#### [Task directions]
Take from the entries below the stretch from the line with "- Dimensiones: Con" through the line with "3. Вырезку вымыть, обсушить.", and return it exactly, leaving the pictures out.

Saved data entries
★ ★ ★ ★ ★
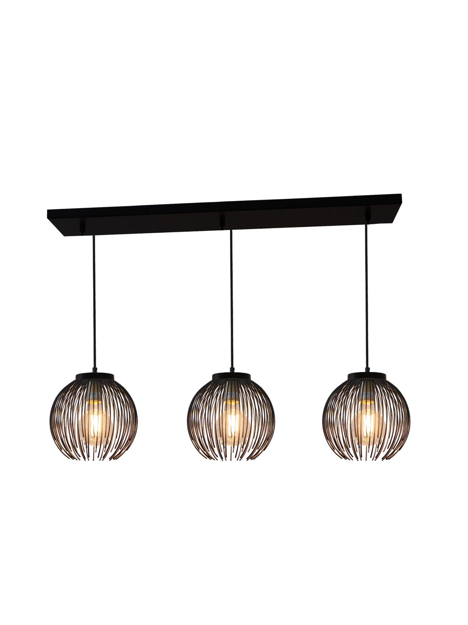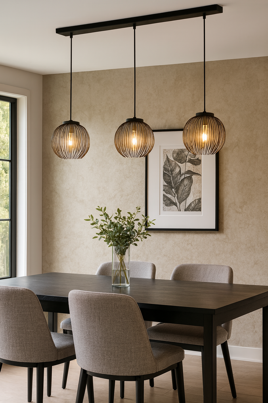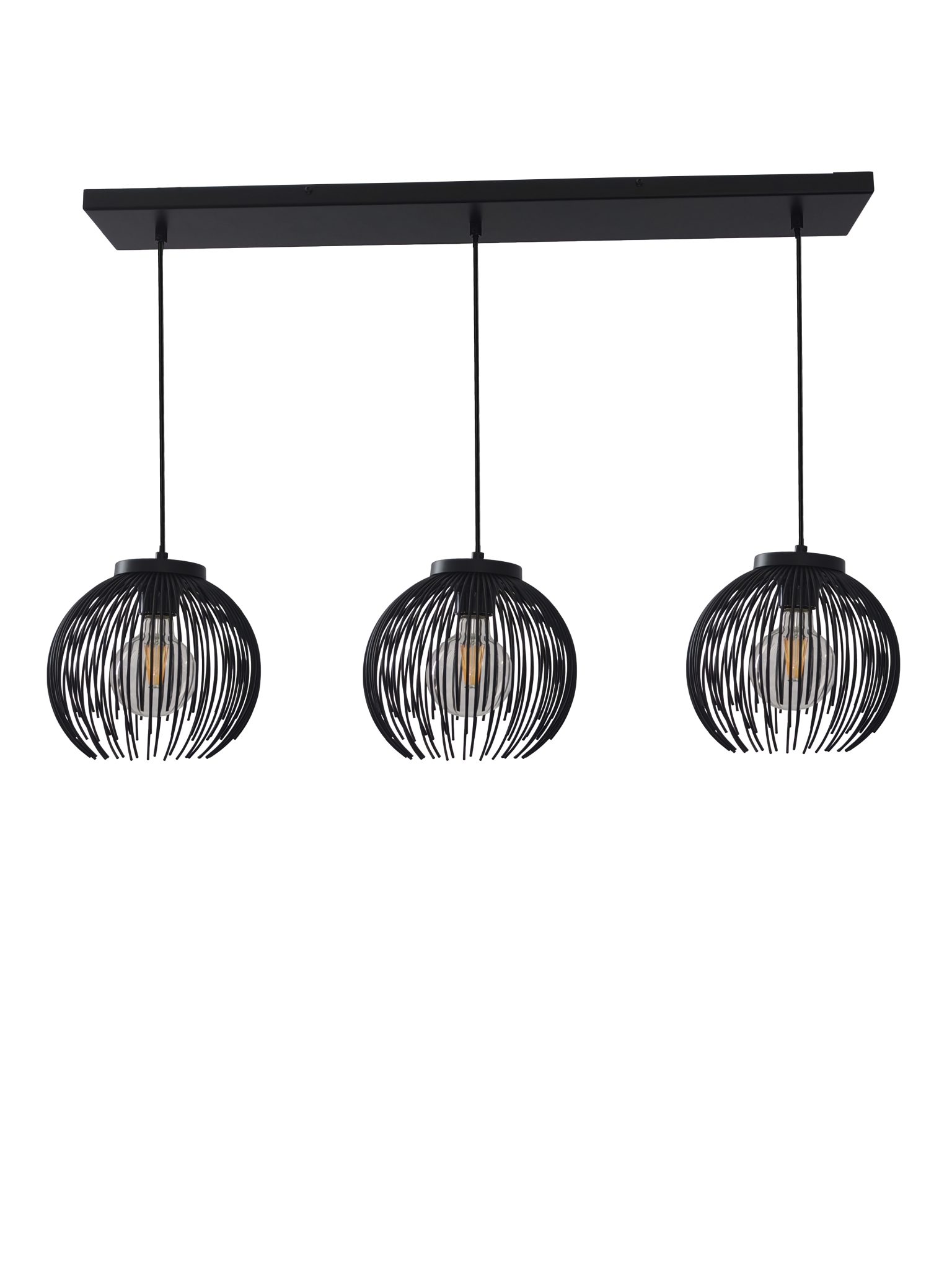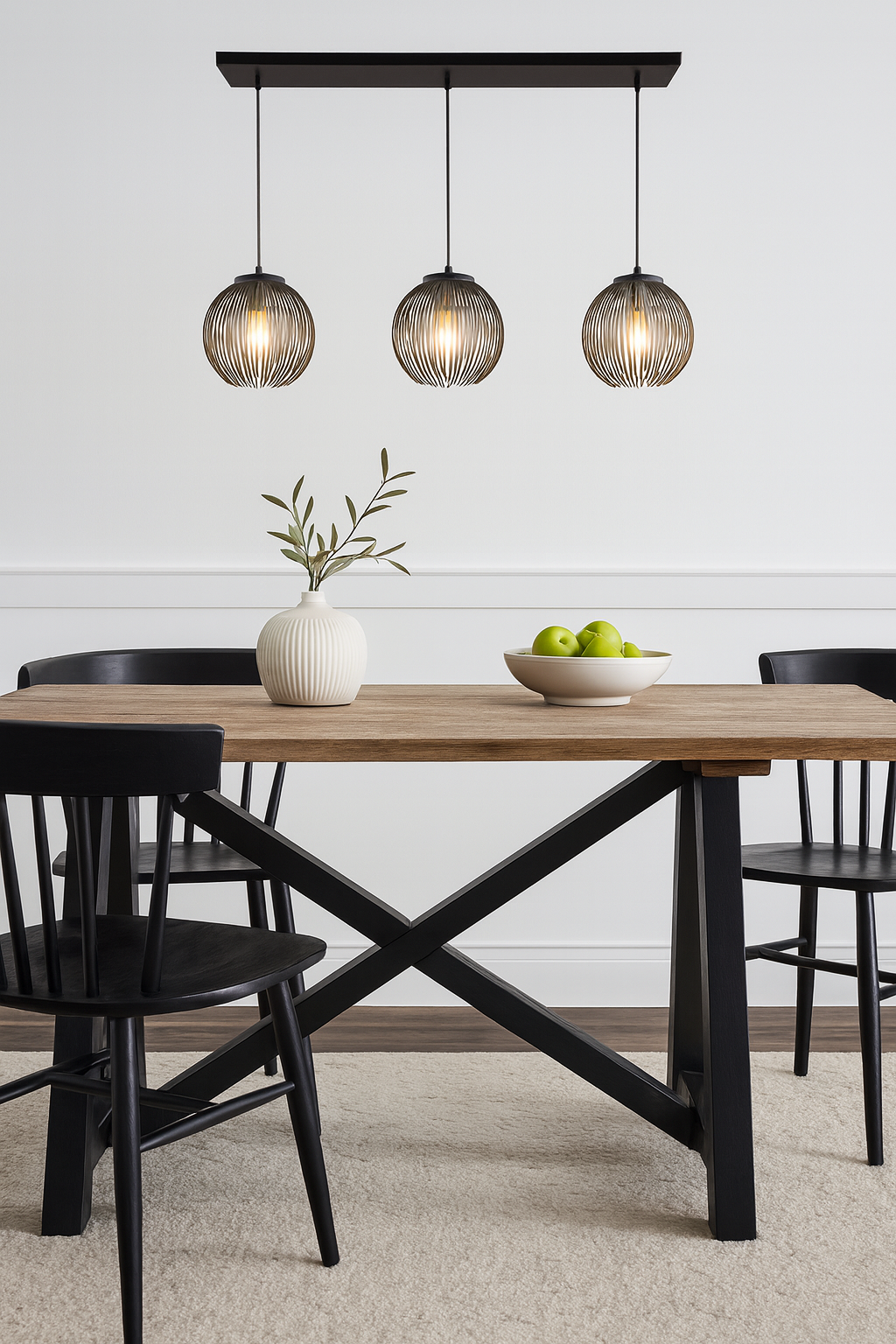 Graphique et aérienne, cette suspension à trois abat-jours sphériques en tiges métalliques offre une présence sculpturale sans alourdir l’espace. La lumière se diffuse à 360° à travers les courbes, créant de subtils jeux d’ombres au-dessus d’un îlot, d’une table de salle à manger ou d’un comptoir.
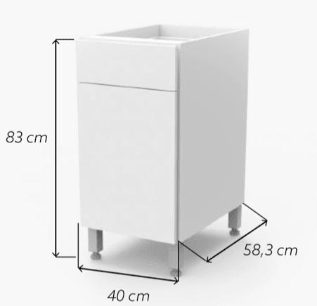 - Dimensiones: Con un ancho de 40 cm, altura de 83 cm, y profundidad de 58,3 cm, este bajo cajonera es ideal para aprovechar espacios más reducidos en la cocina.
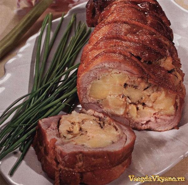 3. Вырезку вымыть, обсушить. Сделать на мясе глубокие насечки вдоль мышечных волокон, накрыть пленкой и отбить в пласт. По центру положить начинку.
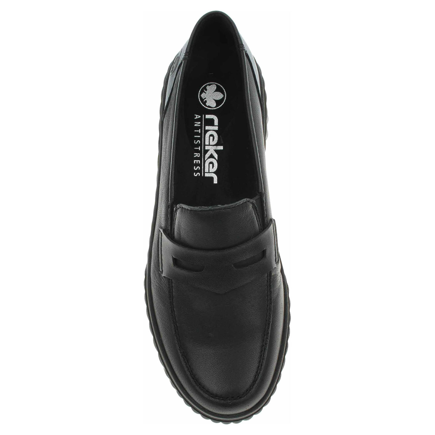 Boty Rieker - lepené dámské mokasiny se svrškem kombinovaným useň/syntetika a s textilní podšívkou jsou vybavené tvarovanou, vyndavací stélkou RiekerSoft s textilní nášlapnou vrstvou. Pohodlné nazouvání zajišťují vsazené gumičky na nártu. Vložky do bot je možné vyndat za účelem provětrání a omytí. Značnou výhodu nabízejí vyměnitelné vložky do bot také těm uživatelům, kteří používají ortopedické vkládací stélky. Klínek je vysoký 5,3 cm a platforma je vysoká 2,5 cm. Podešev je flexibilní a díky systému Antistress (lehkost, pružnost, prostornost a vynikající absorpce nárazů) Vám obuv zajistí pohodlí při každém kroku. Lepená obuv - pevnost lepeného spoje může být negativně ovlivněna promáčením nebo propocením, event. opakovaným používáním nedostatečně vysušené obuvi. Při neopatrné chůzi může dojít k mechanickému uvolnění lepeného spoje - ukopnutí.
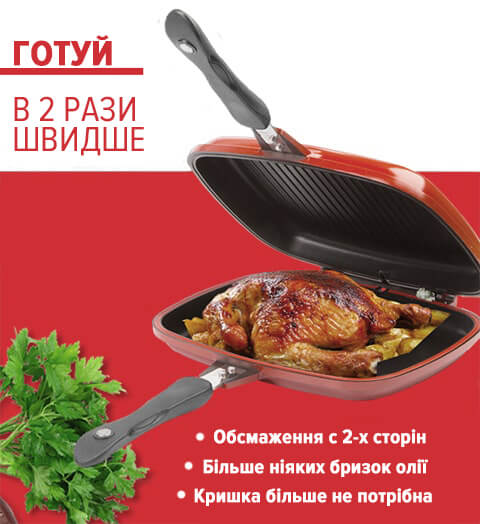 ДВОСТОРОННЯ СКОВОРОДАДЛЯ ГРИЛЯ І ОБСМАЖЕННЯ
★ ★ ★ ★ ★
#### [Answer for this exercise]
 - Dimensiones: Con un ancho de 40 cm, altura de 83 cm, y profundidad de 58,3 cm, este bajo cajonera es ideal para aprovechar espacios más reducidos en la cocina.
 3. Вырезку вымыть, обсушить. Сделать на мясе глубокие насечки вдоль мышечных волокон, накрыть пленкой и отбить в пласт. По центру положить начинку.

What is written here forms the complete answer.